TASK
Print the entries below exactly as they appear, from the first line up to and including the line with "0级 ·不锈钢尺身,淬火 ·单位:mm". Do not print any pictures.

RECORDS FOR THIS EXERCISE
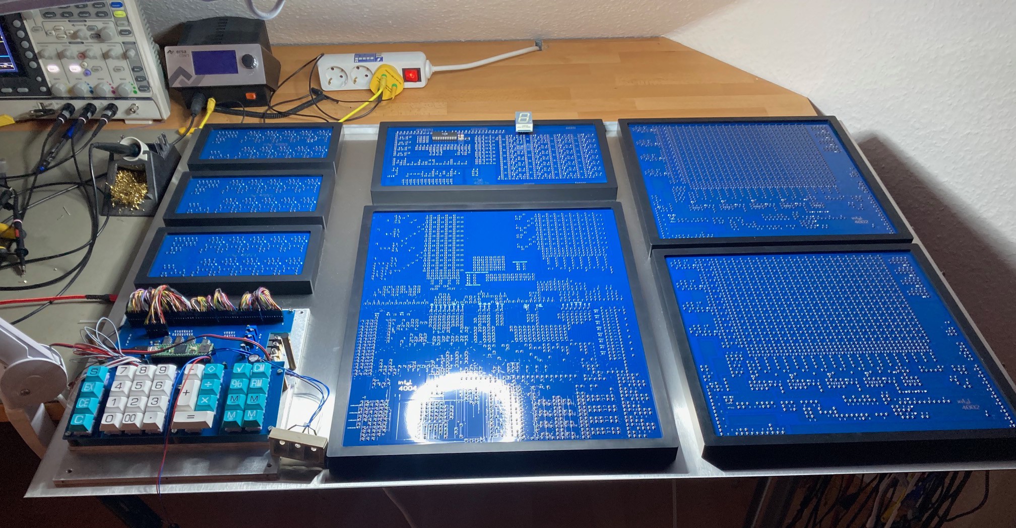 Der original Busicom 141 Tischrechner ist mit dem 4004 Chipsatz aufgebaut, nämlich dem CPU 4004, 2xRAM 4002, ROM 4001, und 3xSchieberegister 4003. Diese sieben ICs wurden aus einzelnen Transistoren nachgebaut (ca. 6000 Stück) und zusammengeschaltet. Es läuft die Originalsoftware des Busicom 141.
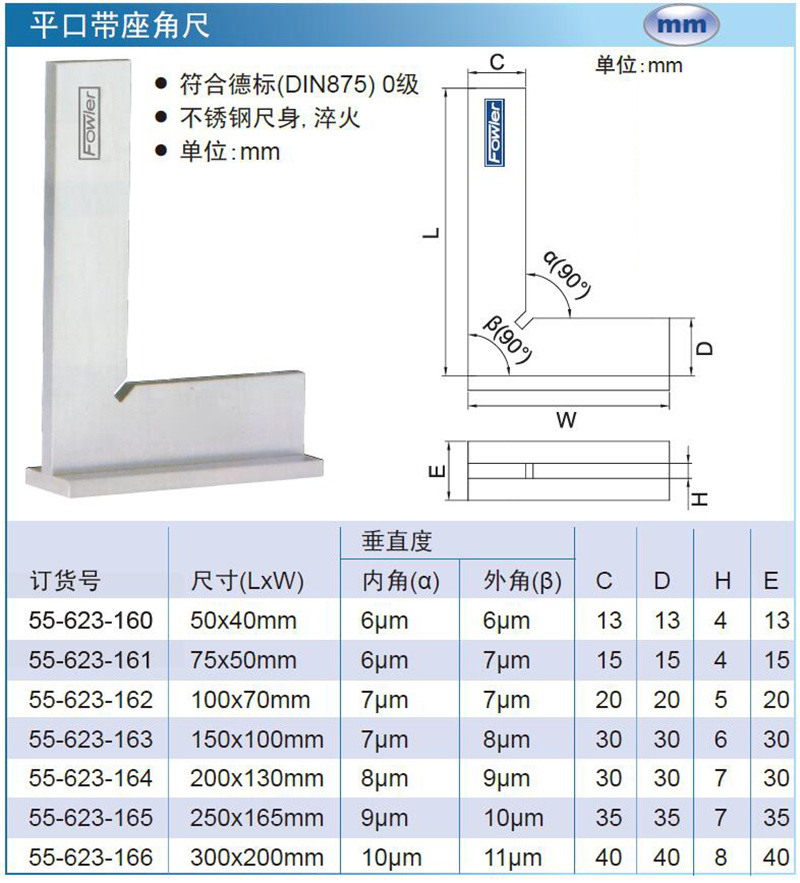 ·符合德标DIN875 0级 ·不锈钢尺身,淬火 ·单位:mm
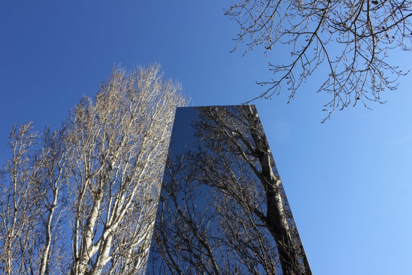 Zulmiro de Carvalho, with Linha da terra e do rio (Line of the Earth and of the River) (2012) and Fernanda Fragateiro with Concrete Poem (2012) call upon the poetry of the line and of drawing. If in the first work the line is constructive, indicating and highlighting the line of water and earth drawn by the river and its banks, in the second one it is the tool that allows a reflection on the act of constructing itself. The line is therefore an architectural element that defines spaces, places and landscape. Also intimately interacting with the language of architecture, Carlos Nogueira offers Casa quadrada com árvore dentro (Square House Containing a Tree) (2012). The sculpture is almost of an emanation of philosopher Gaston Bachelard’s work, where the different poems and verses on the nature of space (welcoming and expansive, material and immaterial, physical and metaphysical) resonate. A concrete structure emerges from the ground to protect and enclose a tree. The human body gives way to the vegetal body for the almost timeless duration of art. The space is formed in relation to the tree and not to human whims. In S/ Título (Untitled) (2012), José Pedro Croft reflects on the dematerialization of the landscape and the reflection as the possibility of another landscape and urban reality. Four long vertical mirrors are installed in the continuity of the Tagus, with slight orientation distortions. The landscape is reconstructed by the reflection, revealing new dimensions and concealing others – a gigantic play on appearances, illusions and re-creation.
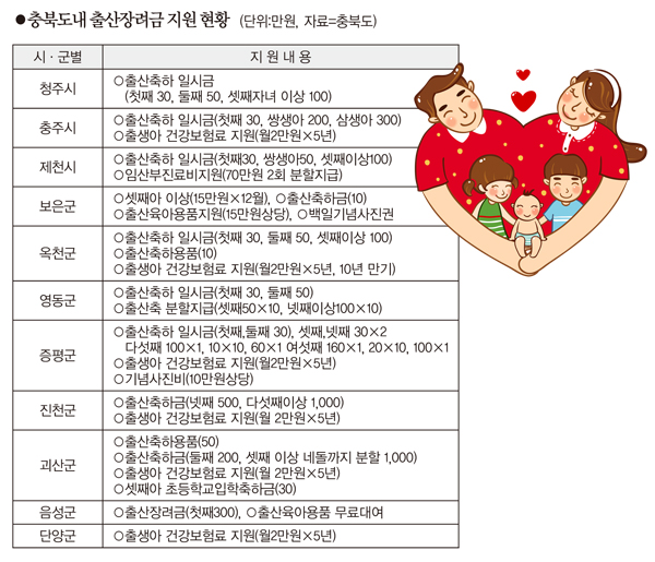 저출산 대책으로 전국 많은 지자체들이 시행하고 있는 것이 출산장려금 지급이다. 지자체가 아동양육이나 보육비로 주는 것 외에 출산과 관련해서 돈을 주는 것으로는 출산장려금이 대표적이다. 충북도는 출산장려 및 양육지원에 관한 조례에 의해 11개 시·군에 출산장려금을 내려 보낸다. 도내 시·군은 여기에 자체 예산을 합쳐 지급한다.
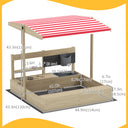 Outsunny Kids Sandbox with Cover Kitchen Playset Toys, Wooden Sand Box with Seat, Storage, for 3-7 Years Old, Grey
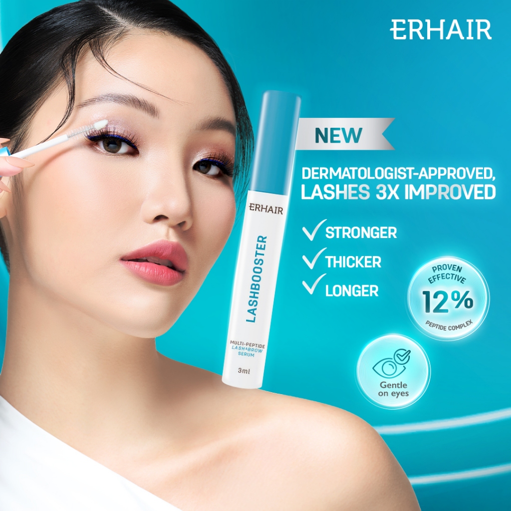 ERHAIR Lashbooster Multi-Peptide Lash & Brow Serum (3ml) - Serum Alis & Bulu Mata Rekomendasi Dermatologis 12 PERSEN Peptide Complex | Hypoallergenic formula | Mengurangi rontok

THE COMPLETED TASK
 Der original Busicom 141 Tischrechner ist mit dem 4004 Chipsatz aufgebaut, nämlich dem CPU 4004, 2xRAM 4002, ROM 4001, und 3xSchieberegister 4003. Diese sieben ICs wurden aus einzelnen Transistoren nachgebaut (ca. 6000 Stück) und zusammengeschaltet. Es läuft die Originalsoftware des Busicom 141.
 ·符合德标DIN875 0级 ·不锈钢尺身,淬火 ·单位:mm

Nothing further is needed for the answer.